Federal Government Girls College, Ipetumodu is a federal government owned secondary school located in Ipetumodu, Osun State, Nigeria. FGGC Ipetumodu is one of the unity schools established by the federal government in 1995 to cater specifically for girl child education.

== History ==
FGGC Ipetumodu was established by the federal government on May 15, 1995, to extend unity secondary schools to Osun State. Previously, 13 unity schools were created in 1974 in other States in Nigeria by the military administration of General Yakubu Gowon. FGGC Ipetumodu replaced Teachers' College Ipetumodu in 1995.

== Facilities ==
It provides boarding facilities for some of her students.
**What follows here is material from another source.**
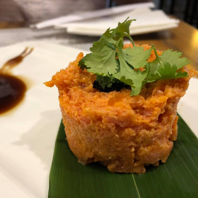 8) SPICY TUNA TARTARE – On yet another Asheville Food Tours lunch junket, Paddy and had lunch at Red Ginger Dim Sum on Patton Ave downtown. I’m a big fan of this place, and judging by how busy they get these days, a lot of other folks are too. That makes me happy! Chefs Ben Chen and Kevin Jiang‘s menu is extensive but with help from various sources, I found a bunch dishes that I really enjoy, and have been adding a new favorites to my list as I work my way through their offerings. Paddy likes raw meats of all kinds, and I had never tried their tuna tartare, so we ordered it. When it arrived, we both looked at the bright orange cylinder of finely chopped stuff on a banana leaf with… curiosity? But what the fuck, we ain’t new, so we tucked right in. Short story: Yum. Fuckin’ aye, good, Yo! The flavor was not too spicy, but just piquant enough to give it a sort of “deviled’ quality. I’ll say it’s a lot of food of all of the same texture for just two people to eat. Two normal people that is, because Paddy and I crushed it no problem. I’m planning to order it again in the future, and making some other menu choices that I think will contrast with, and enhance the unique flavor and texture of this dish. If you’re like me and Paddy and you like raw meats, go give this little pile of orange stuff a try, order something crispy with it, and let us know what you think the next time you see us out on one of our junkets!
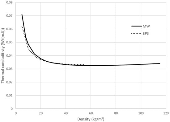 For mineral wool and expanded polystyrene, the thermal conductivity as a function of density can be modeled by the following relationship:

According to information on the official website, the school has a modern academic and sporting facilities including a football pitch, school library, and science laboratory.

== Principals ==
- Mrs. M.B. Abolade (May 1995-Feb.2001)
- Mrs. E.O. Babaniji (Feb.2001-Mar. 2004)
- Mrs. R.A. Jeje (Mar. 2004-Dec.2005)
- Mrs. M. U. Renner (Jan.2006-Sept.2008)
- Dr.(Mrs.) O.S. Salam (Sept.2008-July 2014)
- Mrs. M.K. Borha (July.2014-Mar..2018)
- Mrs. Titilope Akinyemi (Mar.2018-Nov.2019)
- Mrs. M.P. Umanah (Nov.2019–present)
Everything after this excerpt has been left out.